With the lynx sim, I tried No1 in ac drive to power the hyd system. Then fly the aircraft on the No2 as long as the power is available.. .This would allow a greater pitch to power and would result at times in a lower speed touch down with a bit of an overpitch. Also with a slower torque reaction in the yawing plane, therefore easier to keep straight at the bottom. Just a thought!

Had the misfortune of jammed pedals on a UH-1H a few years ago flying number three of three at low level (by day thankfully).

All the drills of control, analysis of the skid ball and crew coord were applied ... NOT!
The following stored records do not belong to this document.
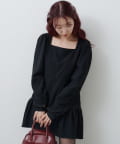 すっきりとしたスクエアネックがデコルテを美しく見せ、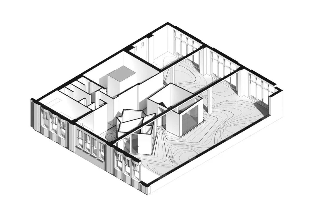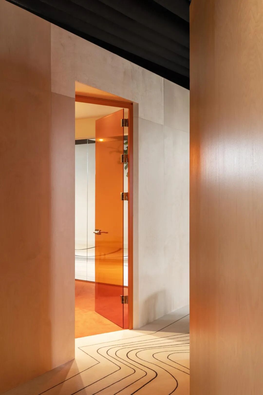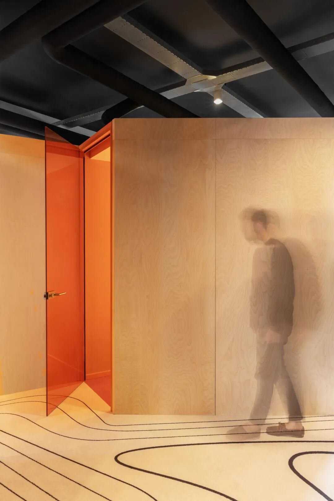 空间核心矗立的两组木质体块,成为品牌诠释的关键载体。它们既像山脉剖面图中的等高线体块,又象征两家企业如同山巅磁极舱体般的动态平衡关系。一道醒目的橙色"北极线"贯穿其中,如同罗盘指针般串联起功能分区,既呼应企业"方向、行进与探索"的精神内核,又通过视觉符号完成了跨越界限的融合理念表达。这种设计既划分了独立办公区域,又保持空间的视觉贯通,完美适配小面积空间的功能需求。
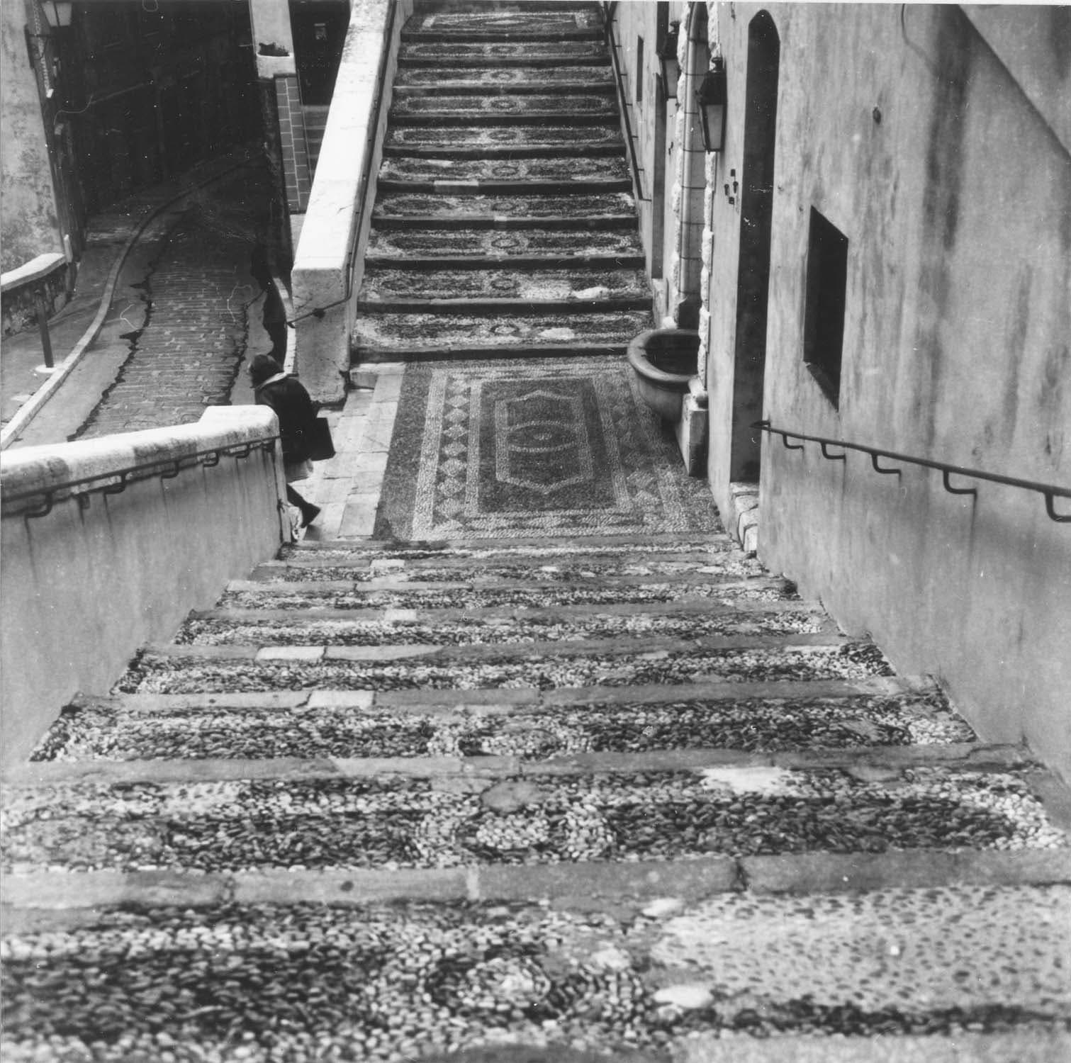 POP | Plateforme ouverte du patrimoineCalade des rampes Saint-Michel. Marches en galets bicolores, blancs et gris, palier décoré devant la fontaine

Sadly the co-pilot asked if I would like him to get out the checklist and go through the actions, to which I replied 'F@#$ the checklist, were getting this b$%^& on the deck!!' and then I realised I had transmitted my curt, impolite and poorly phrased response over the UHF radio.

The craft was flying straight and true at 40-50 knots and a reasonable power setting for a running landing and the pedals would move occasionally of their own accord, and we did not have time to muck about.

I am always aware of the shabby CRM I displayed that day but the crew and aircraft were unharmed and I got to write an incident report instead of letters to families.

My advice when faced with a TR malfuction of any kind ...... look out the window make the world look normal if you can and land the beast the most expeditious way you can.

Walking away is a win in that case.

Chook: You almost exactly followed the procedures I thought I would most likely follow (see last para of my post above)!! :) :)

I am very intrested in what the cause of the problem was, do you know?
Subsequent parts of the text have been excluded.